Assistant Professor Karen Waltorp
Karen Waltorp is an anthropologist and filmmaker. She is currently Assistant Professor at Aarhus University, carrying out a collaborative film and research project ARTlife: Articulations of Life among Afghans in Denmark (AUFF 2017-2020).
Her foci are visual anthropology, digital ethnography and collaborative methodologies, studying (with) people with particular attention to how digital media and emerging technologies afford new configurations of personhood of space, adding new dimensions to local environments. Waltorp works on long-term research projects grounded in ethnographic fieldwork and experimental methodologies, and has carried out recurrent fieldwork in South Africa since 2005 and in Denmark since 2010, with shorter fieldwork trips to Mauritania, France and Iran.
She is the co-convener of the European Association for Social Anthropologists’ Future Anthropologies Network since 2016, working towards an engaged, interventionist, and public anthropology.
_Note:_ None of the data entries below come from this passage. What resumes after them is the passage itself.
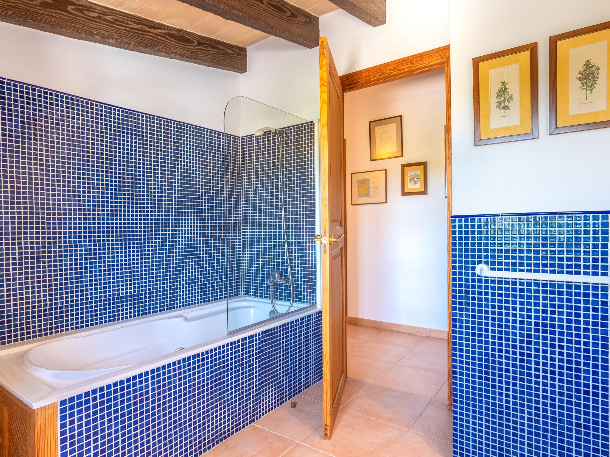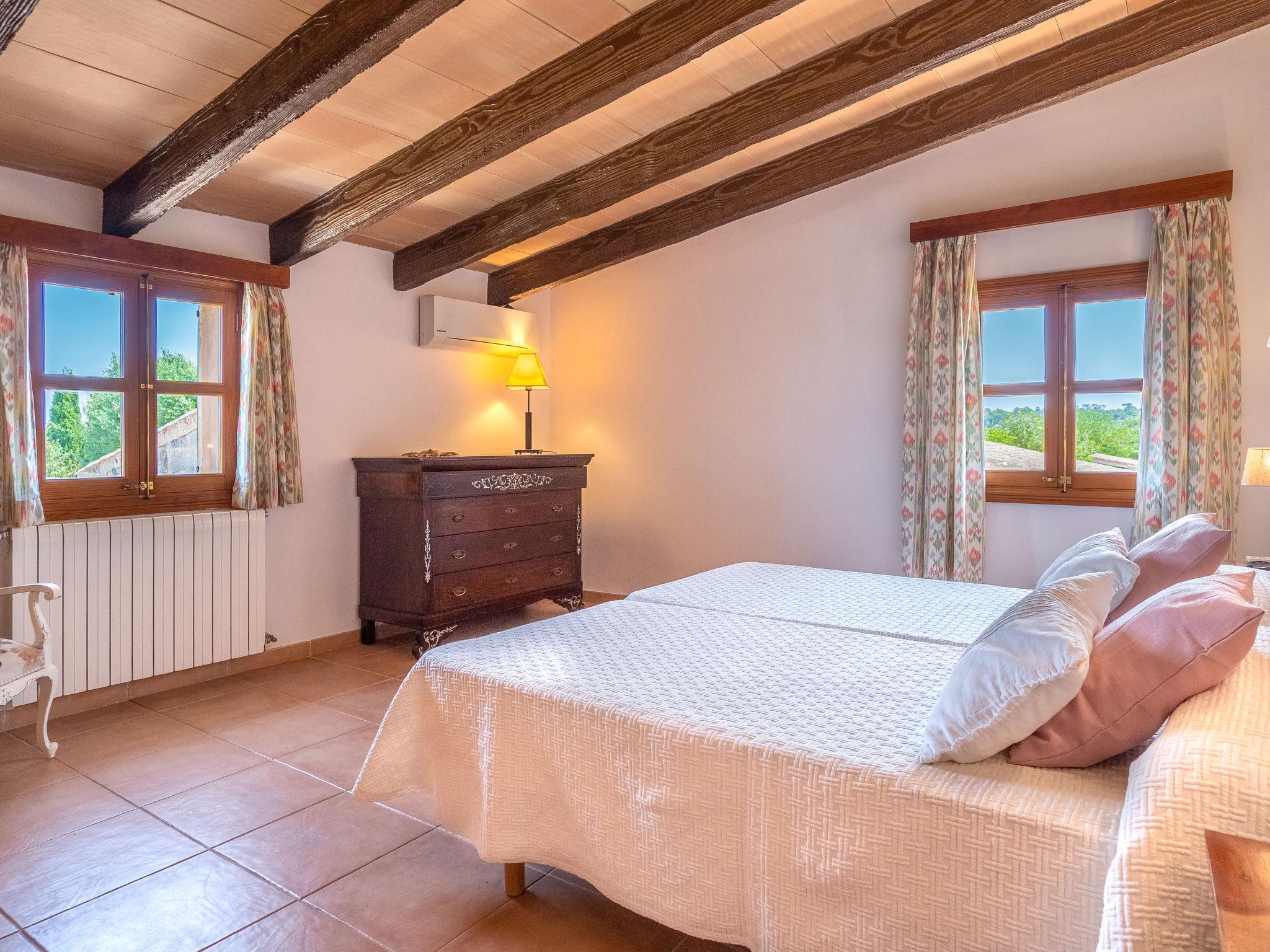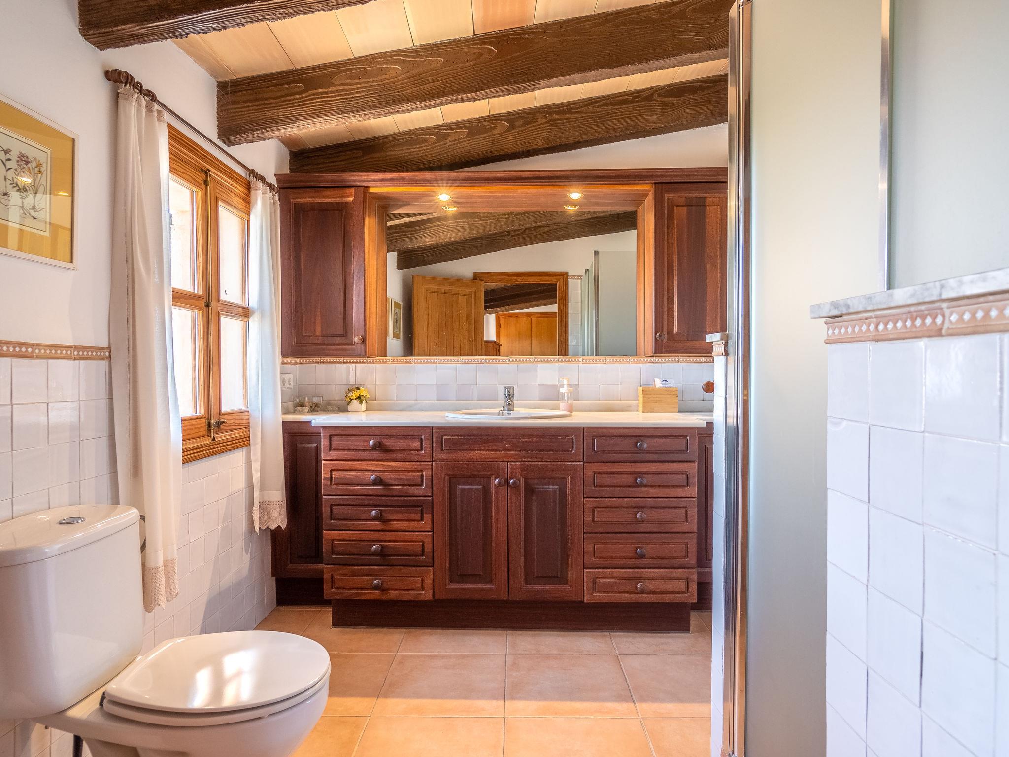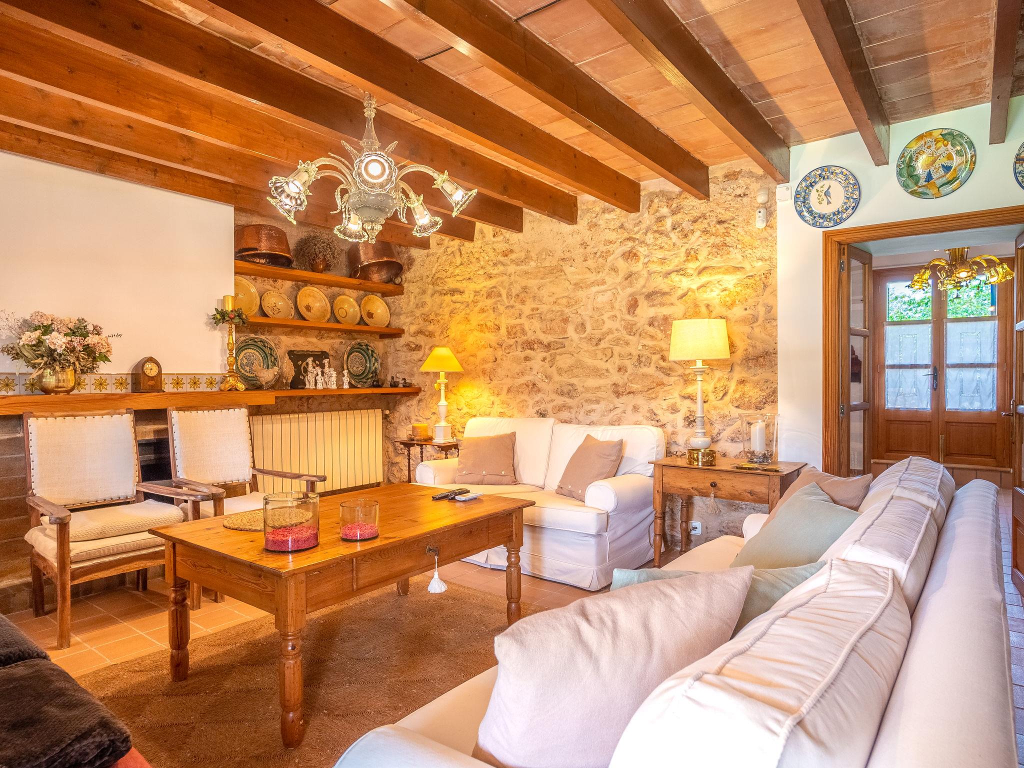 "Son Viquet", 5-room house 200 m2 on 2 levels. Beautiful furnishings: living room with open-hearth fireplace (only for decoration), satellite TV, digital TV and radio. Exit to the terrace. Kitchen (oven, dishwasher, 5 gas rings, toaster, microwave, freezer, electric coffee machine) with dining table. Exit to the terrace. Bath/WC. Upper floor: living room. 1 room with 1 french bed (180 cm), shower/WC. 1 room with 2 beds. 1 room with 1 french bed (180 cm). Bath/WC, double hand-basin. Heating, oil heating, air-conditioning. Terrace roofed. Terrace furniture, barbecue, deck chairs. Facilities: washing machine, iron, children's high chair, baby cot, hair dryer. Internet (WiFi, free). Please note: non-smoking house. Fire extinguisher. ETV/1394 // Reg. Nr.: ESFCTU00000700800086394900000000000000000000ETV/13945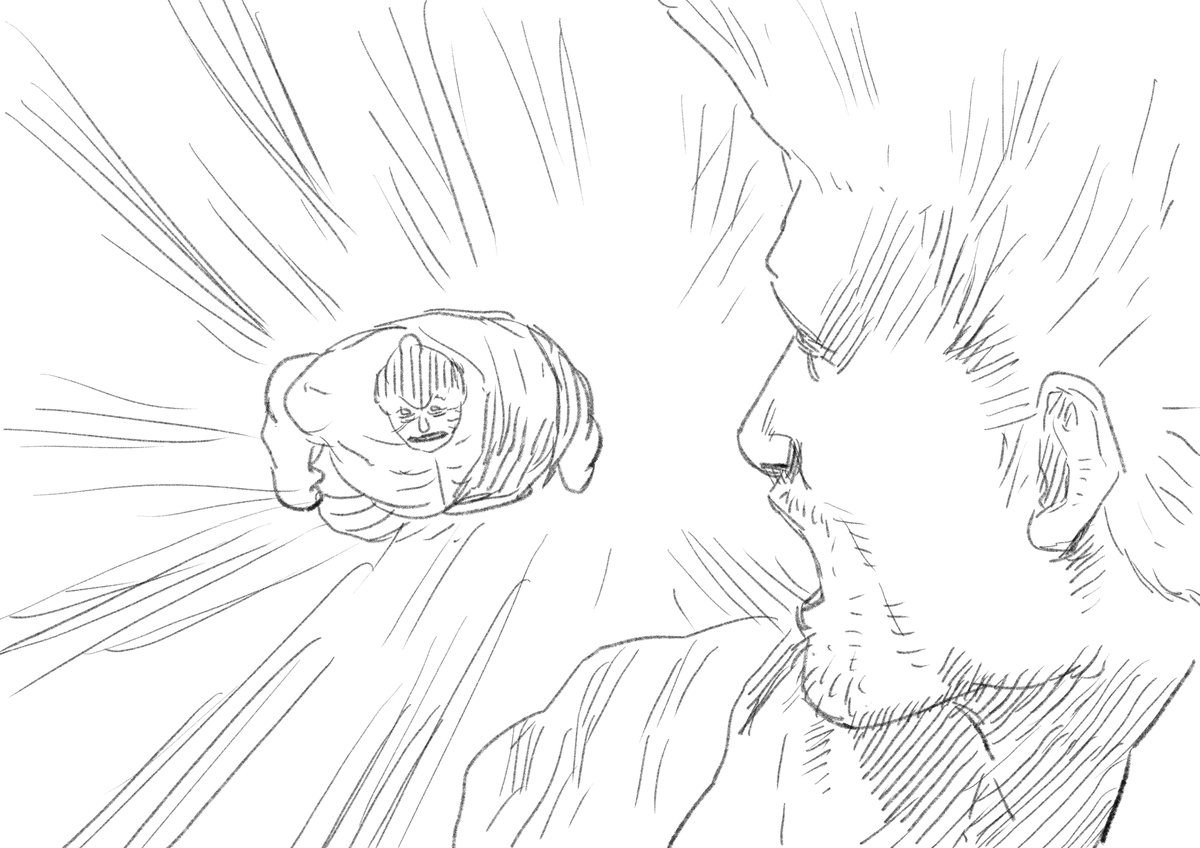 豪鬼さんの勝ち台詞は、「失せろ!!」とか「愚者が!!」とか罵倒系が多いのですが、ファルケ戦の時は珍しく、ファルケの身を案じるようなセリフを言います。 それに対してファルケが勝つと、、、? #格ゲーキャラ描こうぜ #ファルケ #豪鬼 #勝ち台詞 #うぬ待って痛いからちょっと本当やめて也
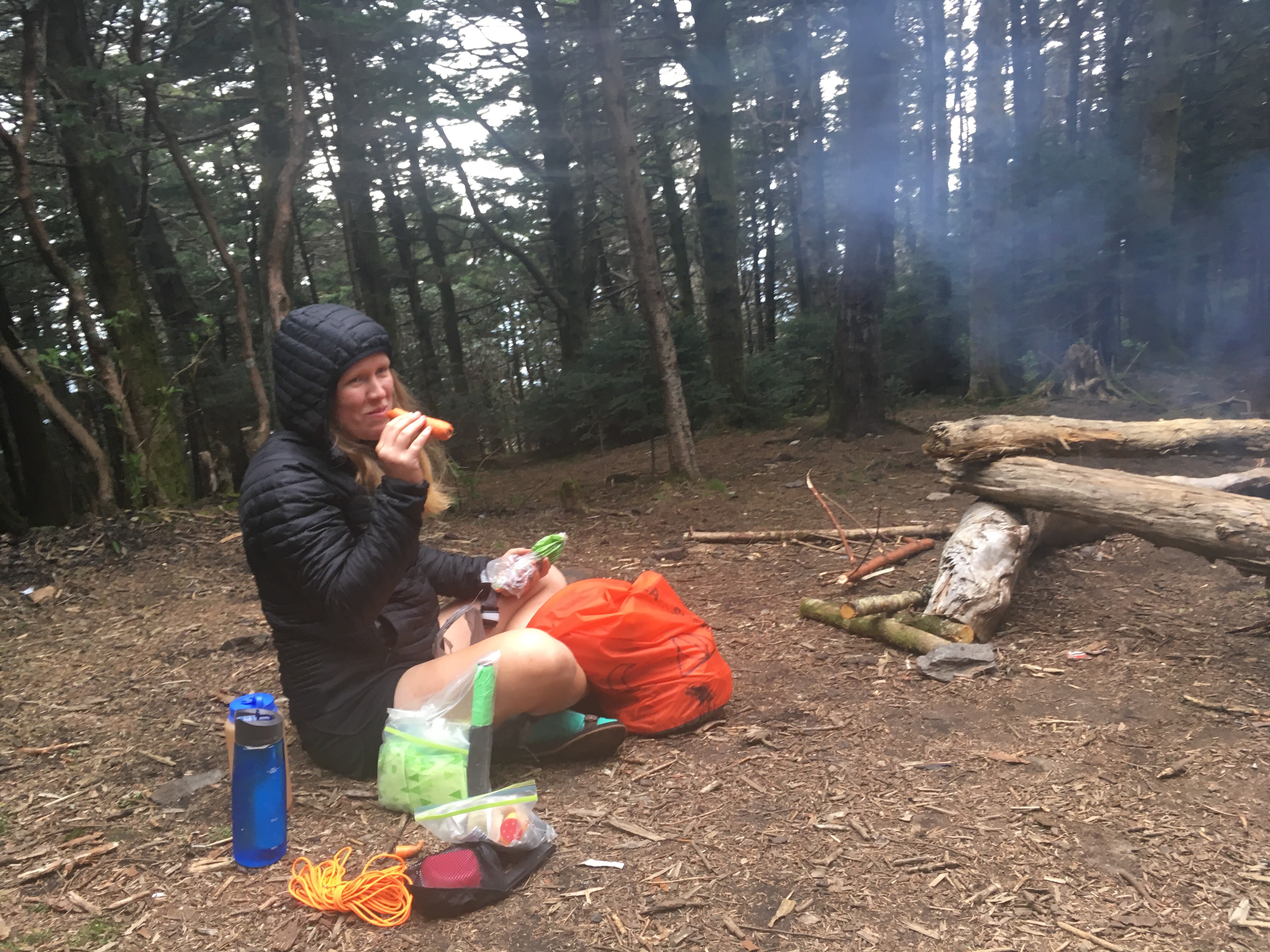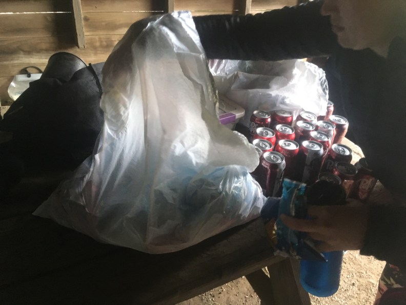 A lady came during the afternoon and brought us trail magic!!! Aka two trash bags full of chips and junk food and cans of pop. It made the rainy cold day a little more bearable.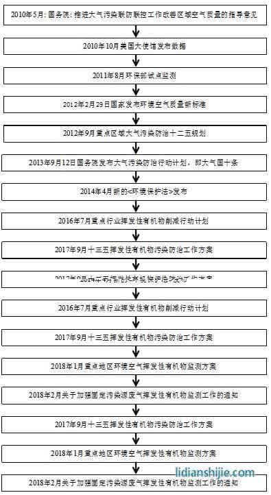 為了促進經濟的可持續性發展,推進大氣環境的治理和保護、推動節能減排目標的進展,國家層面上頒布了一系列法規、政策對VOCs治理行業進行支持和引導,促進VOCs行業的規范和健康發展。主要的法規、政策、監測類規范標準及大事記見圖1: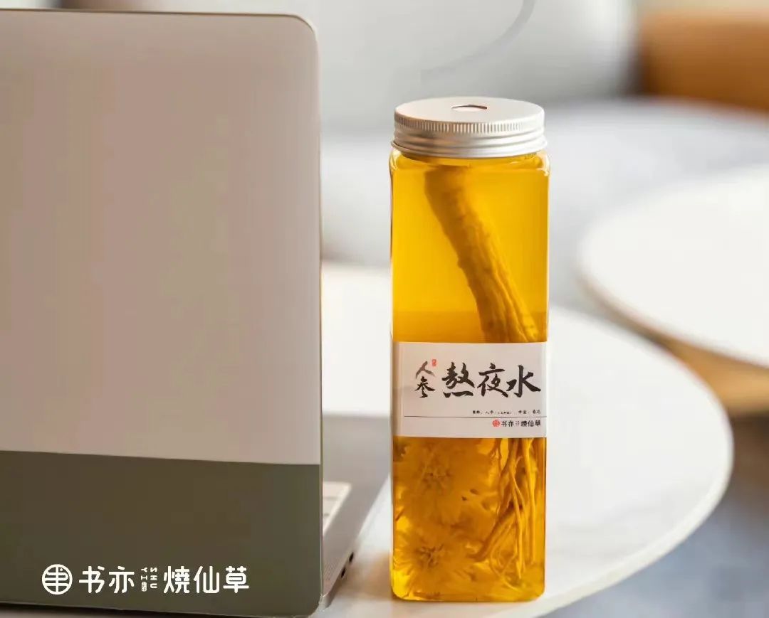 今年年初,書(shū)亦燒仙草也在部分門(mén)店推出人參熬夜水,一整根長(zhǎng)白山人參,配上黃山菊花、蜂蜜和烏龍茶,中和了人參的藥味,入口有回甘的清甜,在社交媒體上被很多人種草。

She has published in numerous international journals, including Ethnos, Journal of Visual Anthropology, International Communication Gazette, Journal of media and communications research on digital-visual anthropology, social media and ‘the flow of images’; on migration, gender, kinship, racialization, and Islam in Europe; as well as on methodology, epistemology, and politics of representation.
Her monograph Why Muslim Women and Smartphones: Mirror Images fuses the above-mentioned fields, and is published 20.02.2020 by Bloomsbury, with an Australian book launch on March 18th.
Waltorp is Visiting scholar in February-March with Sarah Pink at the Emerging Technologies Research Lab, Monash University, working on a co-edited book An Anthropology of Futures and Technologies (under contract with Bloomsbury), an upcoming EASA panel, and other network-related activities in the Future Anthropologies Network.